At the legislative level, we’ve struggled for years to find a balance that provides consumers with the protections they need without sacrificing provider viability. Earlier this month, we passed my bill, AB 1217, which would for the first time establish a licensing framework for home care, complete with background checks for the aides that they employ. It includes a registry that will help consumers verify a provider’s record. 

While it doesn’t go as far as many would like — myself included — and cover all aides, whether they work for an organization, through a referral agency, or on their own; it’s certainly not the death knell for the industry that the opposition has made it out to be. It’s a reasonable compromise that allows the industry to grow, while protecting consumers. It’s a first step toward  ensuring that all of us can age with dignity and choice in our own homes.

New Procedures, Technology Expand Home Care Options

Home care and hospice agencies provide quality care to individuals in the privacy, security, and familiarity of their homes at a fraction of the cost of providing such care in hospitals, nursing homes and other institutional settings.

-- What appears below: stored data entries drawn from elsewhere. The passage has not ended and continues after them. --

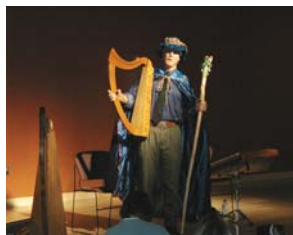
The Magical Strings bring Celtic tunes and tales to Tigard.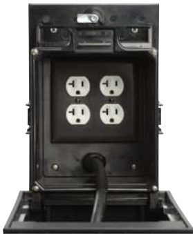
2-gang, 20 amp duplex receptacles (Available in single or two circuit versions)

The Outdoor Ground Box comes in three finishes to complement any outdoor space. It's available in a host of configurations to suit your needs.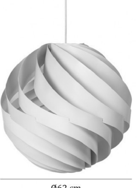
Ø62 cm Large

Multiple studies indicate that home care leads to speedier recoveries and is preferred by most patients and their families. Home care plays a prominent role in all stages of health care and helps people stay independent by combining skilled care and compassion with the latest in health care technology. Quality and highly skilled home care is provided across the full spectrum of health care, including post-acute care following a hospital stay or serious illness; as long-term care for those with a disability, chronic illness, or those in declining health; and care for medically fragile infants, seniors, persons with disabilities, those with dementia and cognitive impairment, and terminally ill patients in need of comforting and compassionate hospice care.

California’s home care agencies provide guarantees and protections to potential clients and patients, their families and the caregivers themselves that do not exist when hiring home care workers independently.

Agencies conduct drug screening and background checks to ensure caregivers are trustworthy and reputable and agency caregiver employees are covered with professional and general liability insurance and are covered by the workers’ compensation system. Agency employed caregivers are also trained to provide the necessary services patients and clients need and are educated on the use of any medical and monitoring devices they may need to operate. Moreover, agencies provide oversight for each individual case, create a care plan for patients and clients, supervise caregivers and ensure that back-up care is provided when caregivers themselves are ill or absent.  Families that employ caregivers directly do not benefit from these functions and take on the added burden of being the employer of record for their caregiver and are responsible for paying Social Security, Medicare, unemployment, disability, and state and federal taxes for each caregiver.

Home care is a $12 billion industry in our state, and it employs tens of thousands of caregivers to treat our aging population and others in need of home care services. With the exciting advent of new medical procedures, portable technology, skilled staff and caring home care aides, many health services that previously had to be provided in institutional settings can now be compassionately and cost effectively administered in the warmth and safety of home.